Di fronte alla richiesta di brevetto presentata da un certo William Lee per un nuovo telaio in grado di produrre calze da donna, Elisabetta oppose un fermo rifiuto: la regina era preoccupata degli effetti negativi prodotti da quella macchina sull’occupazione delle sue magliaie. Correva l’anno 1589.
Questo aneddoto è interessante per almeno due motivi. Innanzitutto dimostra come la questione della “disoccupazione tecnologica” – ossia la riduzione della quantità di lavoro impiegata per unità di prodotto a seguito dell’introduzione di macchinari e impianti nel processo produttivo – non sia recente, ma preceda di diversi secoli la sua nota teorizzazione da parte di John Maynard Keynes (1933).
Secondo: la semplice disponibilità di un’innovazione tecnologica, per quanto efficiente possa essere, non produce automaticamente effetti sull’occupazione. Servono anche altre condizioni di contesto, quali il calcolo di convenienza e la conseguente decisione da parte di un imprenditore di adottare l’innovazione, e il superamento delle inevitabili resistenze di natura politica e sociale alla sostituzione del lavoro umano con macchine.
Anche per questo motivo non è facile prevedere, una volta messe a fuoco le presumibili direzioni di sviluppo dell’innovazione, quali potranno essere i mutamenti occupazionali dei prossimi decenni. Osservando il passato possiamo affermare con certezza che la diffusione della videoscrittura, ad esempio, ha fatto sparire i compositori linotipisti delle tipografie e pure moltissime segretarie e stenodattilografe.

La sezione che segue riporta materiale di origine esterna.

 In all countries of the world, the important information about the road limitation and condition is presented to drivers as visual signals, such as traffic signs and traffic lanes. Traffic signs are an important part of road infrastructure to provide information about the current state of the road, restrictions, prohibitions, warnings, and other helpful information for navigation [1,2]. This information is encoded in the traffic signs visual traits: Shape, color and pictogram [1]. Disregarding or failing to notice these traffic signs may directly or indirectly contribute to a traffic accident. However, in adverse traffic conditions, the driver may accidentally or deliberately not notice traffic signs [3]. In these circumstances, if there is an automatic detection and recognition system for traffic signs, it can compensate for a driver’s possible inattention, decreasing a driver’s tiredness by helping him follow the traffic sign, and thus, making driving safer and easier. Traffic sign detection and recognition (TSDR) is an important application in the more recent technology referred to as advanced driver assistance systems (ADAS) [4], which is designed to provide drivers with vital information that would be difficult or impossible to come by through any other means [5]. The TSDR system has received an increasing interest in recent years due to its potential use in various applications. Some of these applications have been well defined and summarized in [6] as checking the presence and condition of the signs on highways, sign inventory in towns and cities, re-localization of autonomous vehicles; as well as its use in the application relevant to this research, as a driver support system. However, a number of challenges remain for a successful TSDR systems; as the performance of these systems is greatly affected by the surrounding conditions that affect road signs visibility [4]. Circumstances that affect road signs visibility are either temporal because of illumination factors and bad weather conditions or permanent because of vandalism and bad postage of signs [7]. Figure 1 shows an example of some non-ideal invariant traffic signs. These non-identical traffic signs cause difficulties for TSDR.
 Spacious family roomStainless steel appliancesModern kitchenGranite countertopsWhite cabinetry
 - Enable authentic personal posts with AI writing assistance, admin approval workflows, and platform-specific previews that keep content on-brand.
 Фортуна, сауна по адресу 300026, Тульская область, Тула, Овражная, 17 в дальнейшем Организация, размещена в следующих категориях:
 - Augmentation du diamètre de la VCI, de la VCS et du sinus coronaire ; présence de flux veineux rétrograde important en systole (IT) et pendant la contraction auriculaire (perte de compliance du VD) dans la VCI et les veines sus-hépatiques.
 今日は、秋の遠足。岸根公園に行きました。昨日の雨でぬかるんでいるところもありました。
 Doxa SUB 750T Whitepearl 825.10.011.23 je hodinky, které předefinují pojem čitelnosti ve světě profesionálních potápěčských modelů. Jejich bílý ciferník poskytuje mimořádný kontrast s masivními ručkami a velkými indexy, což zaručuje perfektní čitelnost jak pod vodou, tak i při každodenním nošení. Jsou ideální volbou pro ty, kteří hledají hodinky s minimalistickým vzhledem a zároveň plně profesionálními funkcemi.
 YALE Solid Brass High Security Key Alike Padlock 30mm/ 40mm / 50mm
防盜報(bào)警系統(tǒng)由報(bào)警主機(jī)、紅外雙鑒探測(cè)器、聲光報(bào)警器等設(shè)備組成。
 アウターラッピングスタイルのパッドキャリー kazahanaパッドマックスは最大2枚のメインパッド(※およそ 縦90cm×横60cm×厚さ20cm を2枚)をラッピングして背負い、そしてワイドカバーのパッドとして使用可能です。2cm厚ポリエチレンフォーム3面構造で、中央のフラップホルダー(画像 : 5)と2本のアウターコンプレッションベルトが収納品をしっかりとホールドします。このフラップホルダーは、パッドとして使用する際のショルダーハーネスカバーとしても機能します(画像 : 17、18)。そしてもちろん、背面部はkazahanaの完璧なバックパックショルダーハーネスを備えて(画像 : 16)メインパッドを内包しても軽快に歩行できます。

Ma quali effetti occupazionali potranno discendere dal ricorso ai droni attualmente sperimentati per la logistica? E quali mestieri potrebbero venir meno a seguito della commercializzazione di automobili a guida autonoma, oggetto di collaborazione tra Google e FCA?

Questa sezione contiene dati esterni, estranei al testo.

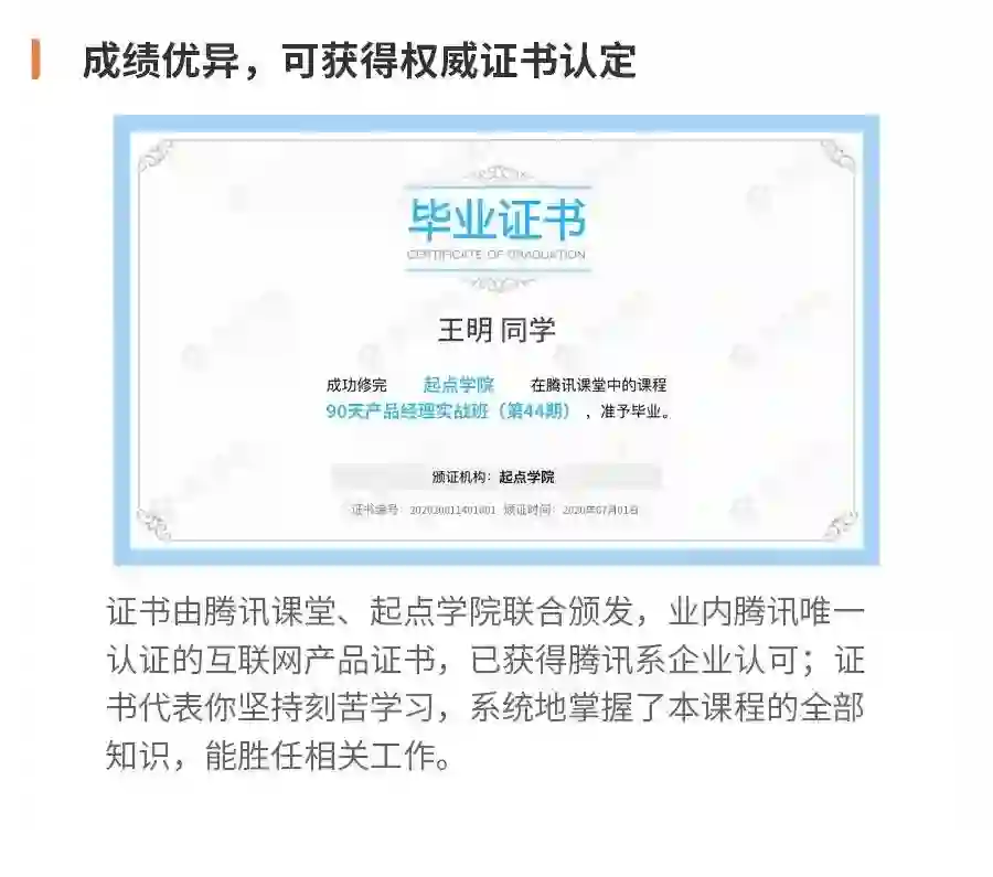 行业认证证书:成绩优异的学员,还将获得业内腾讯唯一认证的互联网产品证书,这意味着获得腾讯系企业认可,含金量满满!
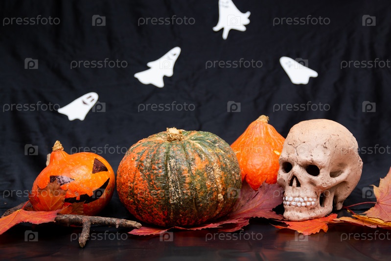 Хэллоуин натюрморт с тыквами, черепом и осенними листьями на черном фоне
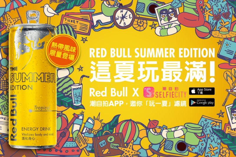 2016年末,Red Bull限量引進Red Edition並於東區打造期間限定店 R.E.D,引發一陣紅色炫風。今年夏天,就是要讓每一刻都是你的精彩時刻!Red Bull 不只隨時給你能量補給,Red Bull Summer Edition更要提供給你不同的熱帶風味,用清爽口感當你最High的夏日玩伴,在所有需要能量的時刻,給所有夏日嗨咖一對翅膀!同時,為了不錯過所有精彩鏡頭,Red Bull與當紅自拍App – SelfieCity 潮自拍合作推出期間限定「玩一夏」濾鏡,讓所有夏日回憶能被完美捕捉,讓你的夏天不只要玩好玩滿,還更要潮流入鏡!即日起至7/4止, 手機下載SelfieCity潮自拍APP,使用「玩一夏」濾鏡拍下你的夏日風格照,上傳至Instagram 並標記Hashtag #玩一夏,Red Bull將選出最嗨玩咖送出Red Bull Summer Edition以及美圖手機M6等玩夏驚喜!欲瞭解更多活動詳情,請上活動官網:
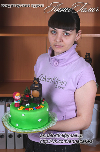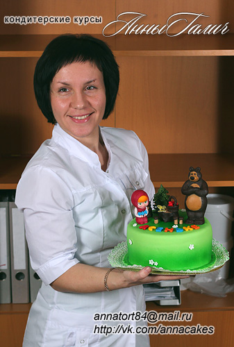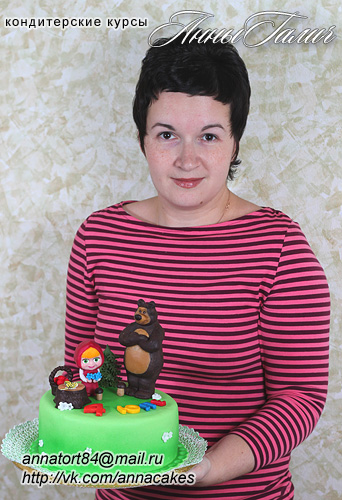 Отчет по двухдневному кондитерскому курсу по торту "Маша и Медведь" + лепка фигурок.
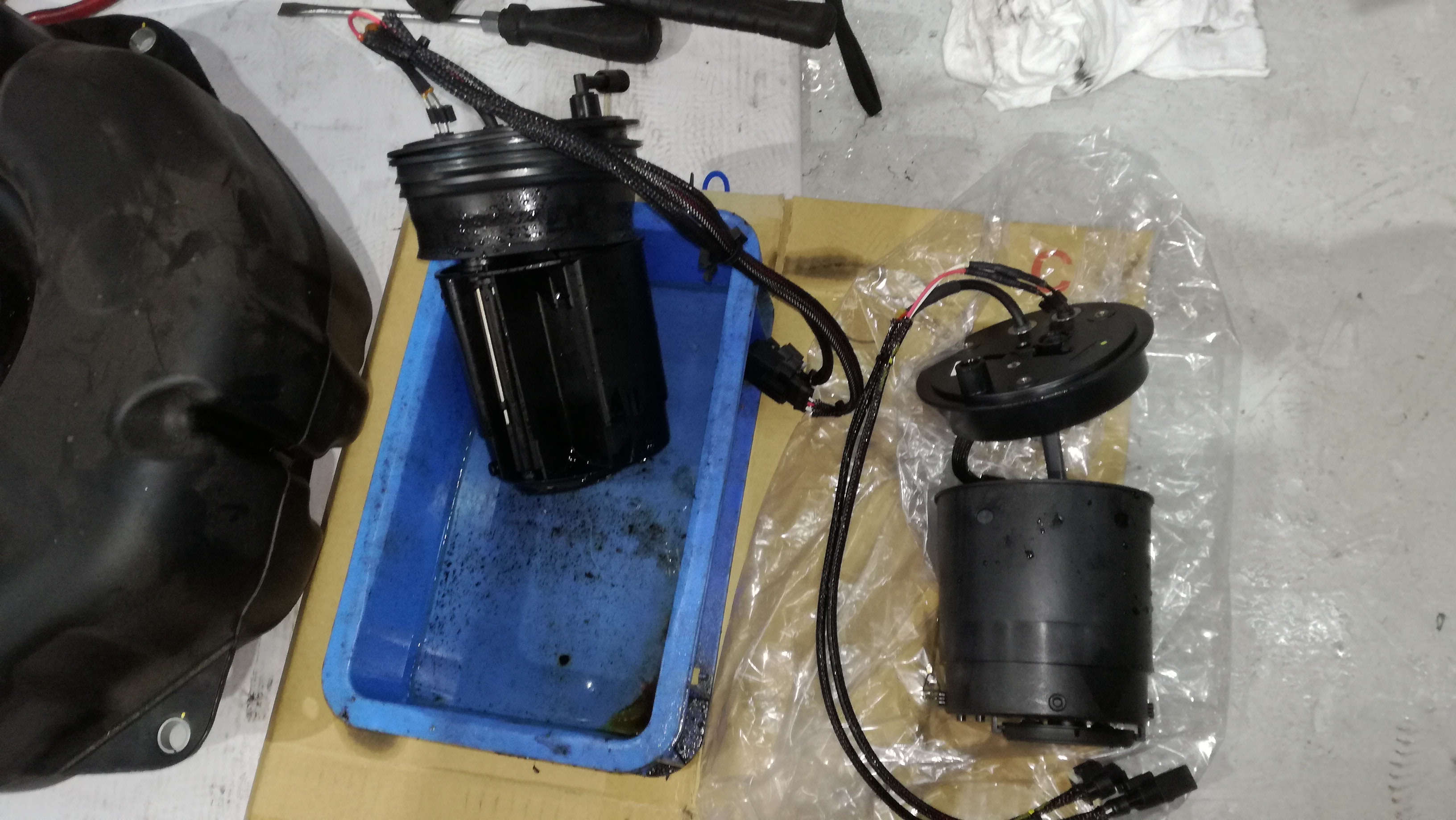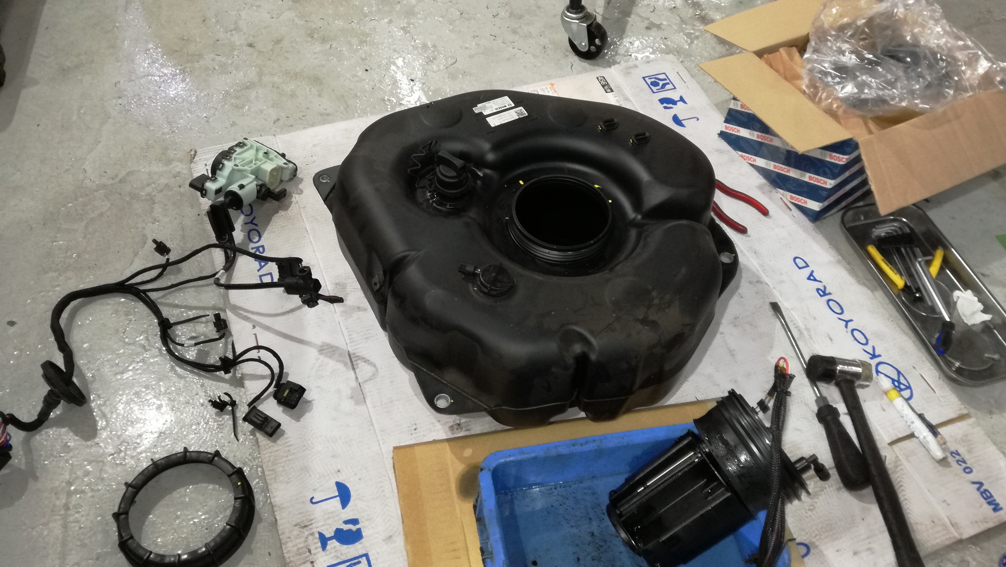フューエルタンクのワイヤーケーブル破損により、新品部品に交換です。
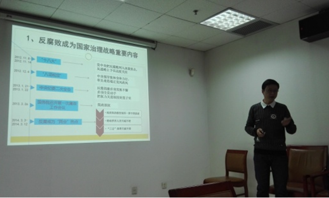 马克思主义学院思想政治教育研究所青年骨干教师韩锐做了题为《党风廉政建设与反腐败形势》的主题报告。

Intorno a simili interrogativi e alle speranze/paure da essi suscitate si è sviluppata un’ampia letteratura, a cavallo tra approccio scientifico e futurologia. Un recente studio di Carl B. Frey e Michael A. Osborne dell’Università di Oxford dedicato al futuro dell’occupazione può rivelarsi un utile strumento di orientamento.

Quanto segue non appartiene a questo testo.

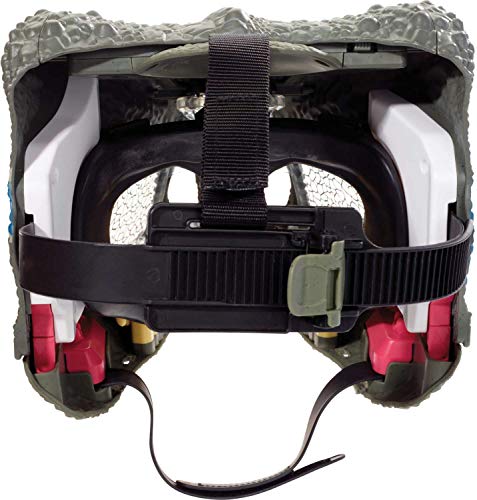 Details: Get ready for thrilling action and adventure with Jurassic World! Based on the fan favorite movie character, Velociraptor Blue, this Chomp 'N Roar Mask features realistic details like skin texture and color, teeth and eyes that move inward to focus on prey! When the electronic mask's jaw opens to varying degrees, there are three levels of sound effects that really make the mask ROAR into action. A secure strap ensures a comfortable fit as well as eye and nose openings for visibility. Pair with the Velociraptor Blue Claws (sold separately) for compete dinosaur role-play fun! Colors and decorations may vary.
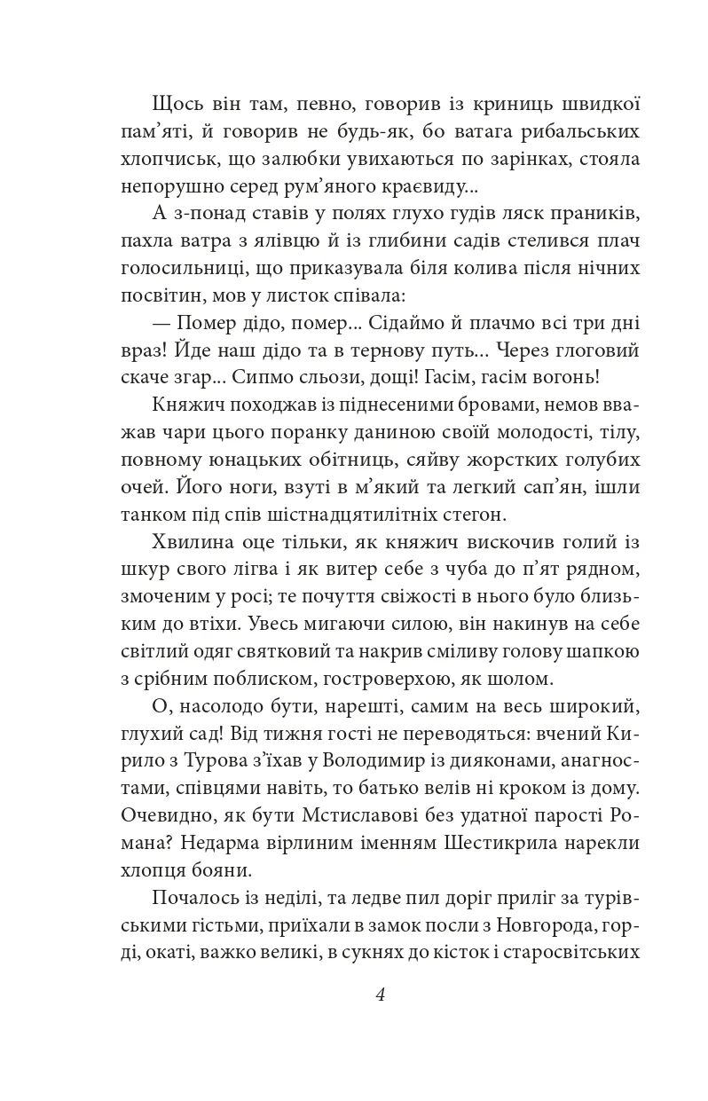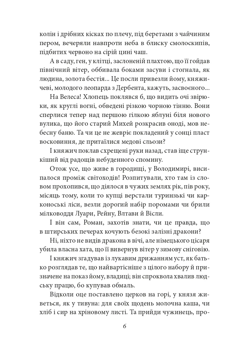 Основою історичної повісті «Шестикрилець» (1935) стали події на Галицько-Волинській землі другої половини XII — початку XIII ст. Увага авторки зосереджується на основних подіях життя князя Романа Мстиславича: подорож до Угорщини, одруження з Рюриківною, похід на ятвягів, боротьба з великим боярством, укріплення західних кордонів, зміцнення зв'язків із півднем, боротьба з половцями, посилення єдності Русі, незгода з Рюриком Київським, похід на Польщу і смерть великого будівничого своєї держави.
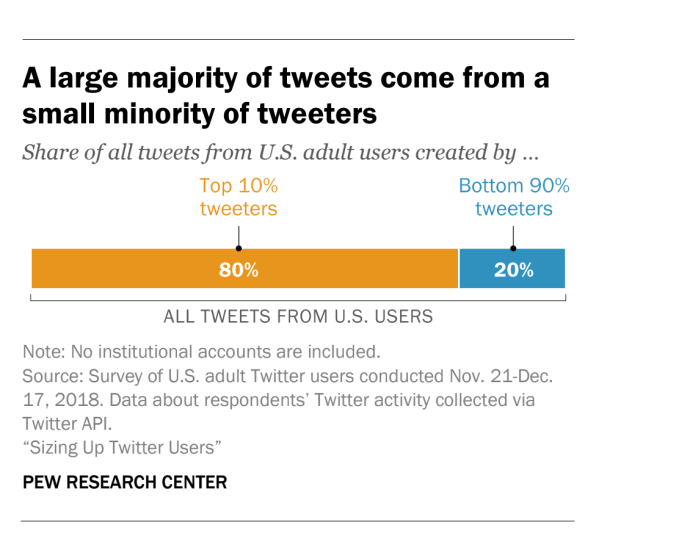 That means the conversation on Twitter is dominated by extremely active (or, in their parlance, “extremely online“) users. That means a large majority of Twitter’s content is created by a small number — 10 percent of users are responsible for 80 percent of all tweets from U.S. adults on Twitter.

Gli autori partono dalla suddivisione del lavoro proposta da Autor e altri (2003) e basata su una matrice due per due: su un primo asse si distribuiscono i lavori routinari/non routinari, sul secondo quelli manuali/intellettuali. Storicamente la sostituzione del lavoro dell’uomo da parte delle macchine ha riguardato un solo quadrante: quello dei lavori manuali e routinari, ossia quelli che potevano essere facilmente oggetto di programmazione in quanto definibili da un insieme semplice e prevedibile di regole.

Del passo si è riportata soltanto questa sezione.